- **WORK ORDER**
From the first line of the listing, copy each line exactly until you have included the line with "粉塵や飛沫を防ぐために口と鼻"; leave out the pictures.

──────── SUPPLIED MATERIAL

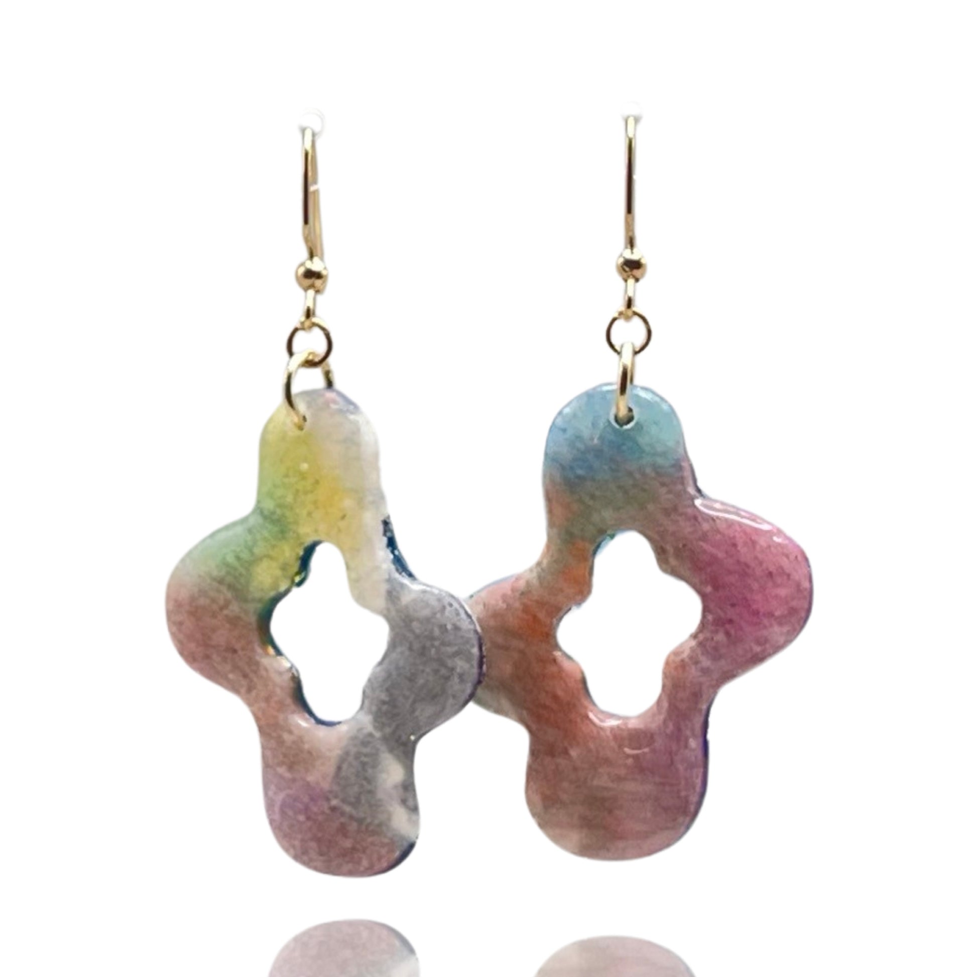 Get ready to make a statement with these earrings! These lightweight, handmade polymer clay earrings are the perfect addition to any outfit. Their pastel colors pop in any light and react to blacklight rays for a unique look. 💫🎨"
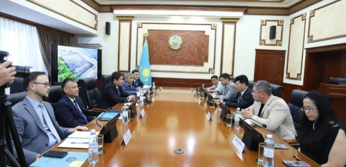8月13日,哈萨克斯坦曼格斯套州州长努尔达乌列特·科伊勒拜会见了中国甘肃渔乐鲟鱼生态科技有限公司代表。
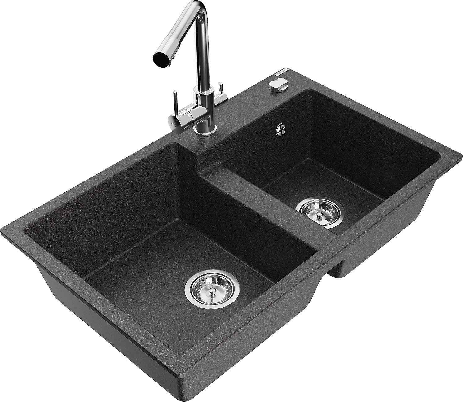 Mexen Tomas lavello in granito a 2 vasche con rubinetto cucina Duero, nero maculato - 6516-76-671600-00
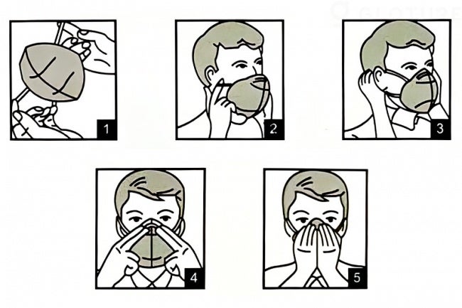 粉塵や飛沫を防ぐために口と鼻を覆うように、隙間無くしっかりと顔に密着させて下さい。
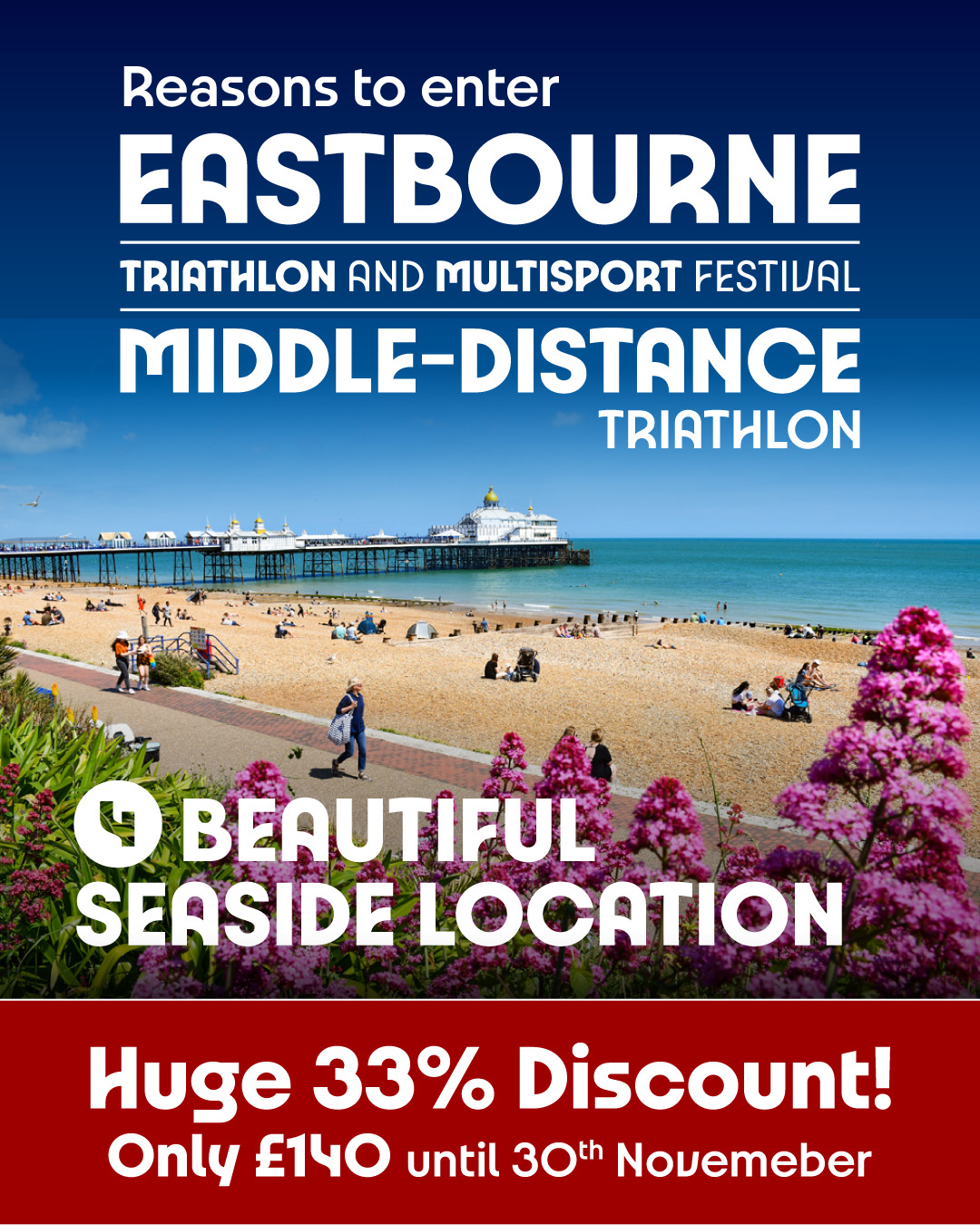 Eastbourne Triathlon & Multisport Festival is one of the most well established and highly respected triathlon events in the country. Our middle-distance race features a sea swim against the backdrop of Eastbourne’s historic pier, a multi-lap bike course on fully closed roads over the iconic Beachy Head Road, and a fast, flat run on the seafront promenade, culminating in an unforgettable blue carpet finish line experience. It’s a course that offers both challenge and reward, all set in a stunning location.
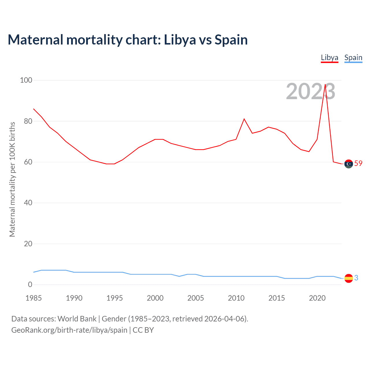 The maternal mortality rate, which is the probability of dying during childbirth or within 42 days of pregnancy termination, is 59 deaths per 100,000 live births in Libya, compared to 3 deaths in Spain.
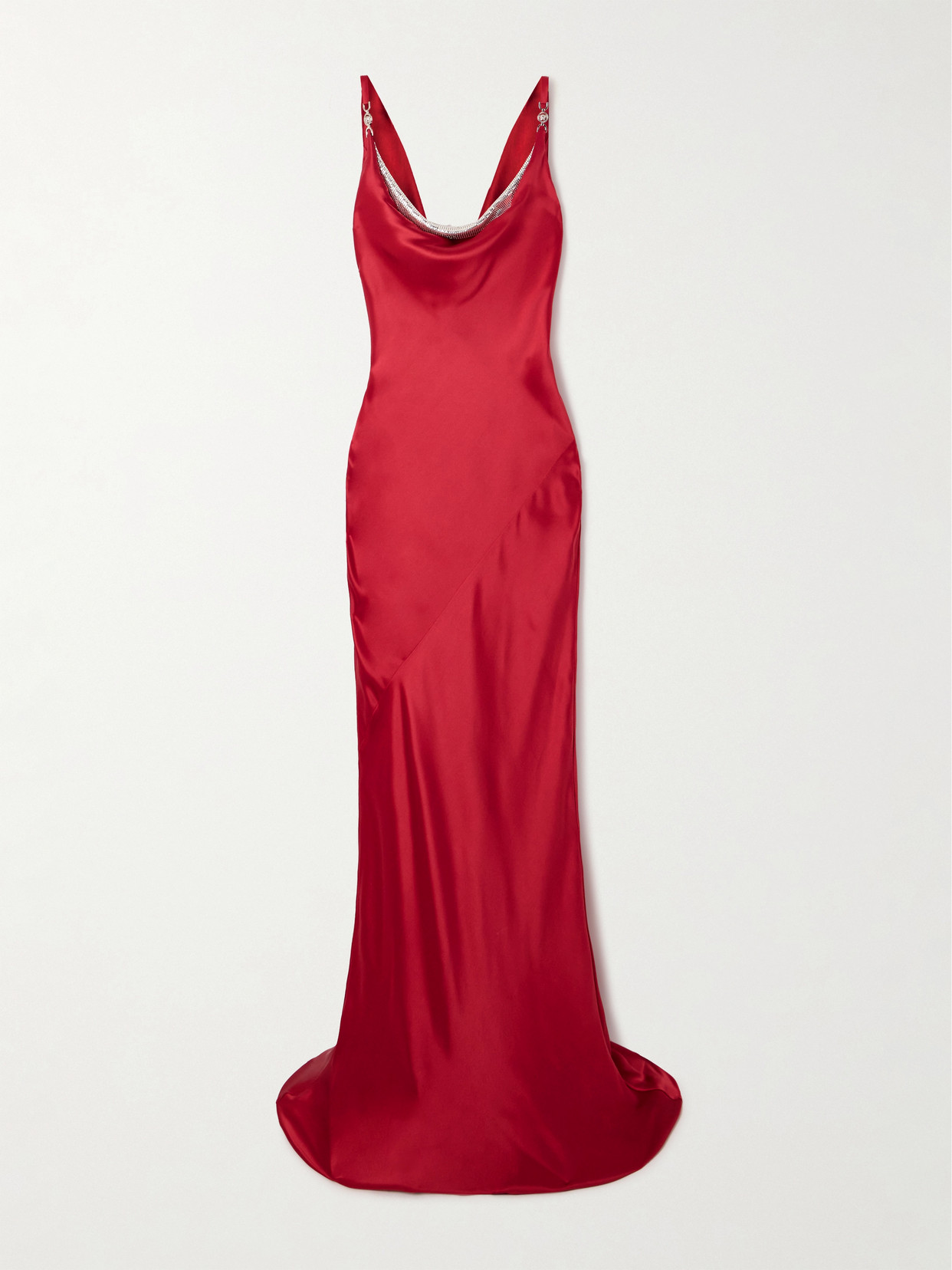 Versace's dress is the kind that leaves an impression. Bias-cut from red silk-satin, it has a draped cowl neckline with a panel of silver sequins peeking out. It falls to a floor-pooling hem (to be tempered with your highest heels, of course) and is decorated with the house's iconic 'Medusa' hardware at the pin-thin straps.
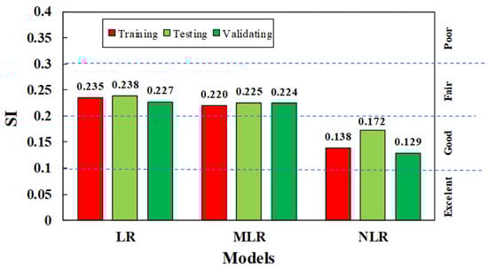 - The SI value of the NLR model for all three phases (training, testing, and validation) was between 0.1 and 0.2, indicating good performance of the NLR model, the SI value being 44 and 41% lower than the LR and MLR model’s SI values, respectively.
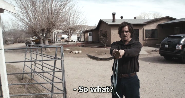 Так о чем собственно фильм? Главный герой Брэд (возможно лучшая роль Шеннона наравне с "Дорогой перемен") съездил в Перу, слегка рехнулся, потом слишком вжился в театральную античную роль и убил свою мать мечом. Половина фильма - окруженный копами дом героя, в котором он заперся с эээ... заложниками, а вторая флэшбэки, раскрывающие степень его сумасшествия.
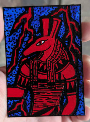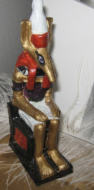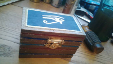 Painted wooden box. Going to be a gift set packaged with "faience" Set statuette, natron, and kapet (kyphi).Related content
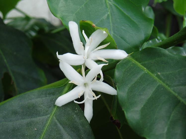 10日前に小さな花芽を見つけて以来、亜熱帯の気候を感じさせるコーヒーの生育には 理想的な高温多湿の毎日が続いていました。肥料を与え、水やりを一日おきに増やし毎日楽しみに観察して来ましたが、ついに今朝一度に6輪もが大きく開花しました。色濃くなった緑の葉に寄り添い、まるで砂糖菓子の様な純白の花弁からは甘い香りが漂いトロピカルな雰囲気にしばらく酔い痴れてしまいました。思えばコーヒー屋を始めて20年、コーヒーに明け暮れた6935日の中で今日は特別な一日になりました。それは『 何事も一生懸命に続けて行けば必ず花開く時が来る 』と、初めて自分で育てたコーヒーの花から教わった事です。次回は真っ赤に熟したコーヒーの実をお伝えしたいと思います。

────────────────

- **FINISHED TASK**
 Get ready to make a statement with these earrings! These lightweight, handmade polymer clay earrings are the perfect addition to any outfit. Their pastel colors pop in any light and react to blacklight rays for a unique look. 💫🎨"
8月13日,哈萨克斯坦曼格斯套州州长努尔达乌列特·科伊勒拜会见了中国甘肃渔乐鲟鱼生态科技有限公司代表。
 Mexen Tomas lavello in granito a 2 vasche con rubinetto cucina Duero, nero maculato - 6516-76-671600-00
 粉塵や飛沫を防ぐために口と鼻を覆うように、隙間無くしっかりと顔に密着させて下さい。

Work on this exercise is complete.